In our scenario, reliability is king. I won't enter into details, but we needed something that we could put in a remote data center and just call the support if something bad happened. We looked for somebody who could provide us with a fully supported ATI based cracking box, but we were not able to find one.

The most famous company which specializes in GPU hardware and would provide us with a Radon based solution, for example (I'm not saying the name since I don't know whether I'm allowed to), gave us just a 1-year warranty for graphic cards, and the hardware support said that we had to send back the whole server to them for repairs.

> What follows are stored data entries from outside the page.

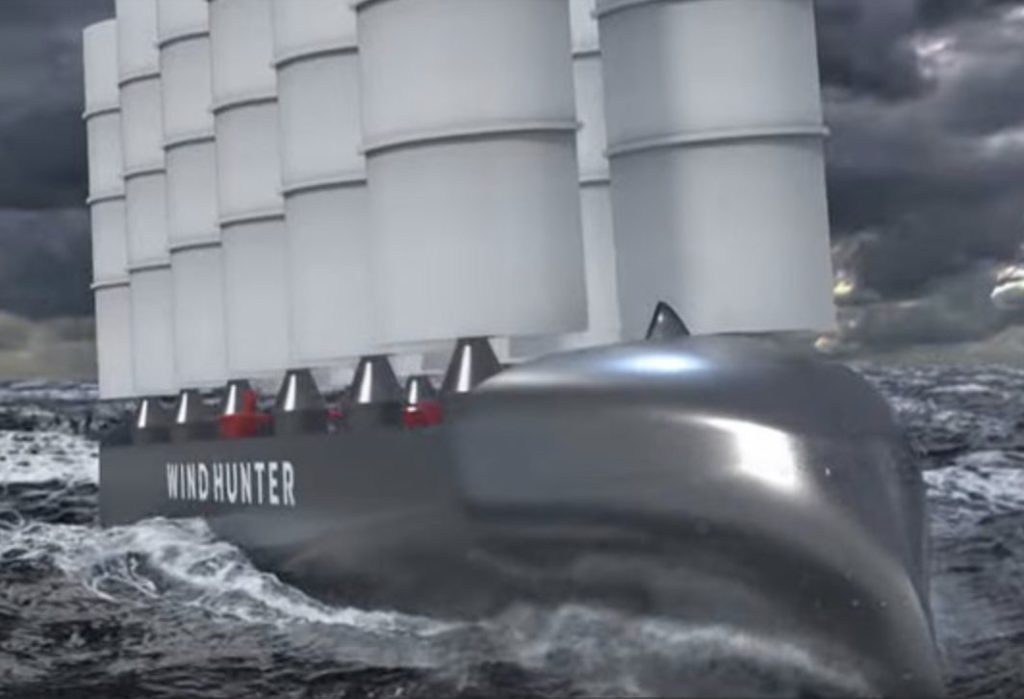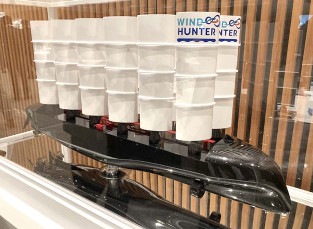 同社は10月、船首に「硬翼帆」と呼ばれる風力推進装置を取り付けた石炭輸送船「松風丸」の運航を開始しましたが、ウインドハンターは、最大高さ53mにもなるこの硬翼帆を、甲板に10基も取り付けているのです。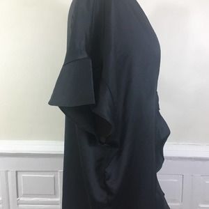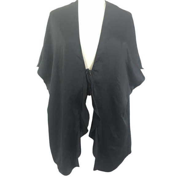 Beautiful tie front black silky cover up kimono. Ruffle flutter detailing on the sleeves and front.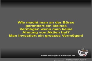 | Wie macht man an der Börse garantiert ein kleines Vermögen Bild (26.59 KB) 2Lustiges → klasse Sprüche und Witze | Lustiges → klasse Sprüche und Witze | 19.05.24-19:00 | Fossy | |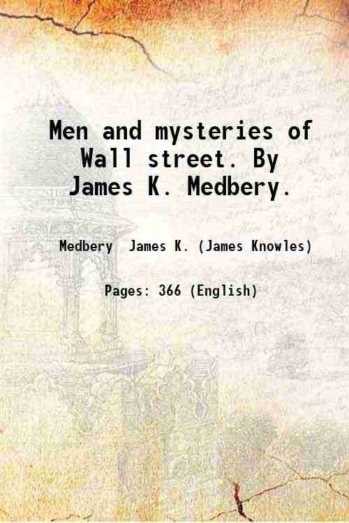 Men and mysteries of Wall street. By James K. Medbery. 1870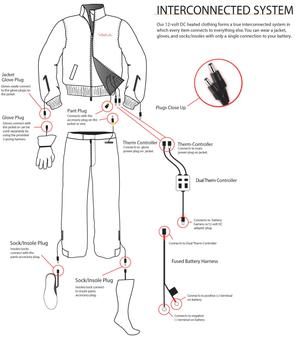 This allows compatible pieces, like the Volt Heat Fusion 12V/7V Dual Source Leather Motorcycle Heated Gloves to be connected to the left and right sleeve harnesses for even more heated coverage.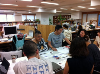 定例であるまじめな内容のミーティングですが、なんだか歌を口ずさんだりしながら、笑いがたえない、盛り上がっています。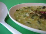 Trim the lower bottom of the bok choy bunch, separate each stalk and wash thoroughly. Chop them finely and wash again, drain and keep aside. Soak split green gram for 1/2 hour, wash, drain and keep aside. Now heat oil in a pan, splutter mustard, cumin seeds, dry red chili and curry leaves. Sprinkle asafoetida, add chopped onion, green chilies, garlic and fry for few minutes. Now add the green gram with 1 cup water, cover and cook over medium flame for 6 minutes or until its cooked fully. Add the chopped greens along with salt and cook further until the leaves gets wilted (about 3 minutes for baby bok choy and 5 minutes for matured stalks). When done add the grated coconut and chopped tomatoes, simmer for few seconds and switch off. Serve hot with rice topped with ghee.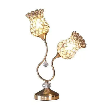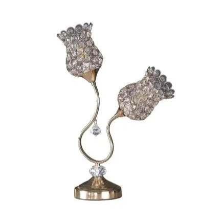 This exquisite table lamp features a delicate flower-inspired wire cage adorned with transparent acrylic beads. Finished in light rose gold chrome, the pendant and spherical accents add a luxurious, feminine touch to any bedroom, living room, or office setting.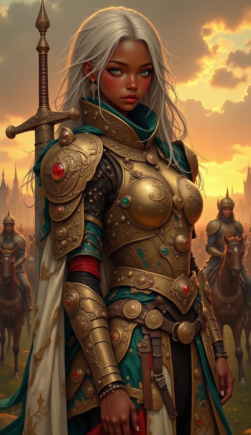 The image showcases a striking warrior adorned in intricate golden armor with detailed red and green embellishments. Her flowing white hair contrasts against the warm, sunset-lit sky. She stands confidently on a battlefield, with soldiers on horseback in the background, adding a sense of readiness and valor to the scene.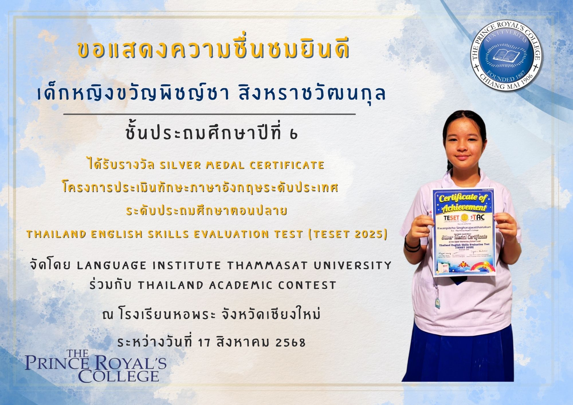 ที่ได้รับรางวัล 1Silver Medal Certificate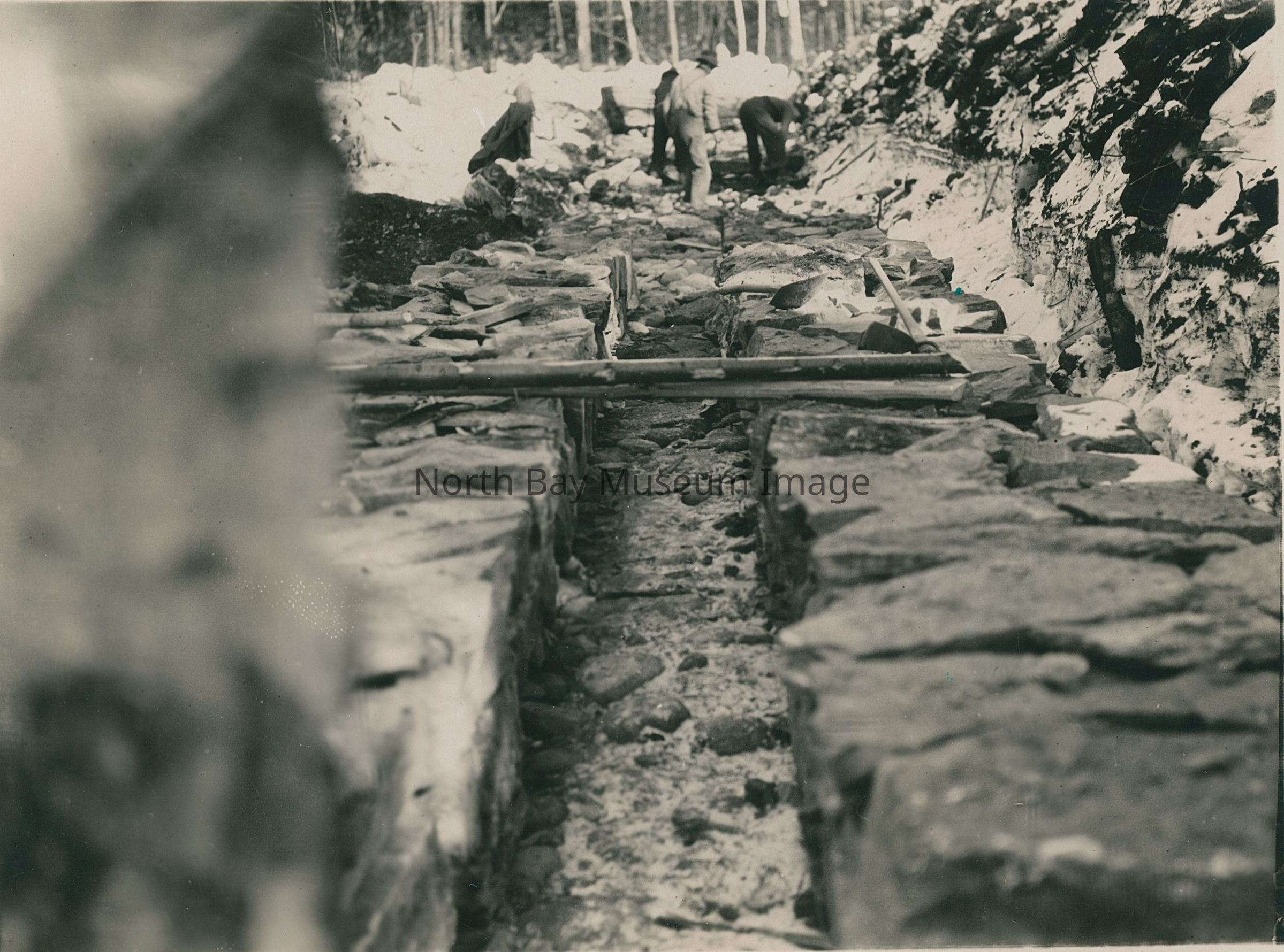 Print, Photographic - black and white photograph - shows rock bed being laid - men working in the background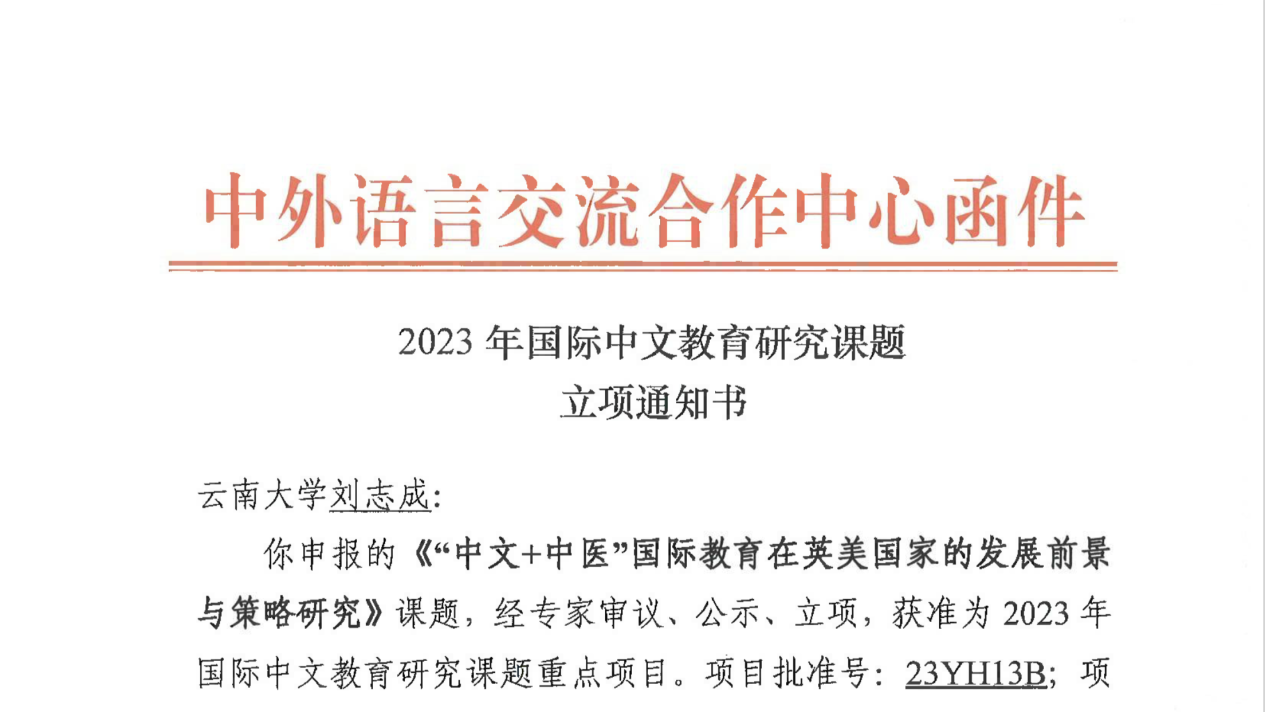 近日,教育部中外语言合作交流中心(教育部语合中心)公布了2023年度国际中文教育项目立项名单。其中,包括白菜官网刘志成副教授申报的课题《中文+中医”国际教育在英美国家的发展前景与策略研究》,该课题获批为重点项目。这是白菜官网教师首次获批的教育部语合中心国际中文教育研究课题重点项目。

On the contrary we were able to find a 5-year-warranty Tesla box with 24x7 support that gives us the warranty of an on-site intervention and an hardware fix within 8 hours. Moreover, the 4x Radeon 7970 box would have been faster, but the total system price was in the same range (+/- 1.000 EUR) of the Tesla K20m. Sounds strange? If I can remember it right, the Radeon company told us that the high price was because they hand-picked the most reliable 7970 cards for the task and they adopted a custom cooling system.

I knew that the Tesla were slower, price-wise, than the Radeon solutions: I just didn't think that they were THAT slow, based on the benchmarks that were available to me at the time.

Anyway, everything seems normal and there's not so much space for improvement unless new versions of oclHashcat get better; I'll try running a matching benchmark on oclHashcat and oclHashcat-lite and maybe opening a ticket to the authors explaining the notable difference (maybe it's just a small glitch that wasn't highlighted since cuda is a bit of second-class citizen in oclHashcat).

Thank you for your explanations and support!